We know the truth is far more nuanced, made up of 1000s of stories, many different contributors and so many successes, highs, lows, and failures that contribute to that ongoing set of accounts, artefacts, and experiences that make up any one place, venture or idea. Throughout the closing period we invited videos, messages, conversations and creative responses to what Impact Hub Birmingham has meant to you, your work, your ideas, your family, your friendships, anything anyone wanted to share with us as part of an ongoing collective archive to capture and remember what, who and how things came together under this roof and have spread out across the world.


Before CIVIC SQUARE

Throughout 2020 we be tweaking and sharing before.civicsquare.cc, an archive subdomain that brings together as many resources as possible from the Hub / TEDx journey, including the accounts of many people from Best Wishes and more. We hope to continue sharing the story of what it means to repurpose an organisation, to leave behind the things that no longer work, to transform and build on your purpose, for teams to go on long journeys together where you commit to the work which that requires together, when so often our systems don’t often encourage that.

We now leave the Impact Hub network on good, collaborative terms at what feels like exactly the right time, but we have certainly learnt the limitations of a license that ‘owns’ your website, content and brand, and how difficult it makes open sourcing the full journey this far. As the ‘community hub’ movement gathers pace in England, wanting to share the many learnings we have gathered as openly as possible falls somewhat in opposition to us needing to remove every trace of Impact Hub Birmingham from the internet altogether, but we are also happy to be beginning that process independently and creatively, on our own terms.

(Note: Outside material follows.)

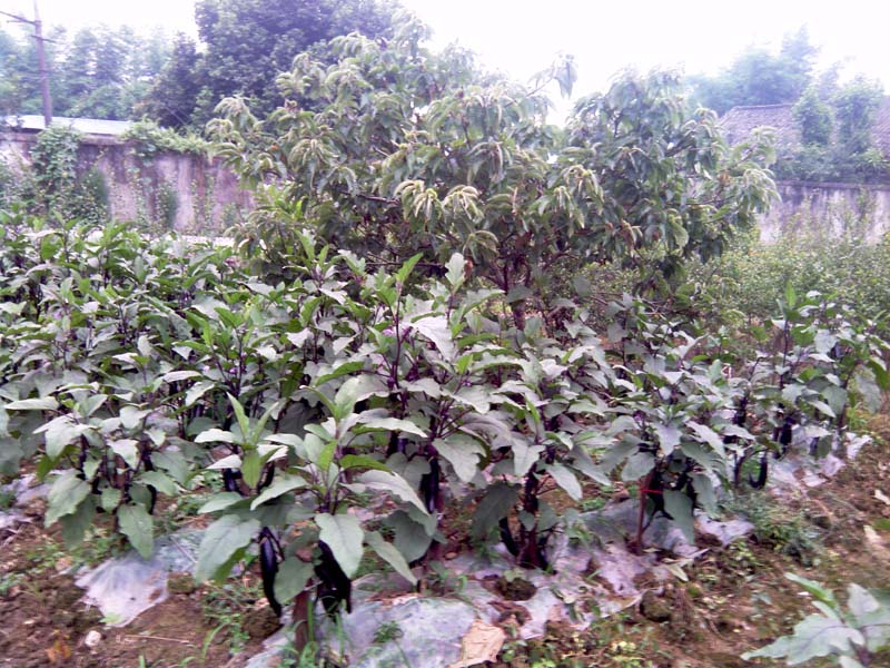 接着看过去就是一块茄子地了。在紫色的花丛中,每棵茄子树上都挂满了紫色的茄子,它们有的已经有一尺来长,可以吃了,有的半尺来长,有的才花谢,一个个都像是在竞相生长。我轻轻蹲下身子,采摘了几个成熟的茄子,准备好今天的午餐。

Everything that has come before for this team, community and movements, including Impact Hub Birmingham, now takes on a new role in moving forward, repositioning itself from the focal points of our lives, to the time before CIVIC SQUARE.

We’re excited to enter a new era, but also want to say one final epic thank you for every single of atom of kindness, belief, generosity, energy, love, and challenge that you brought to Impact Hub Birmingham. It has been an honour, and this has just been the beginning of our commitment to building by, with and for the people of Birmingham.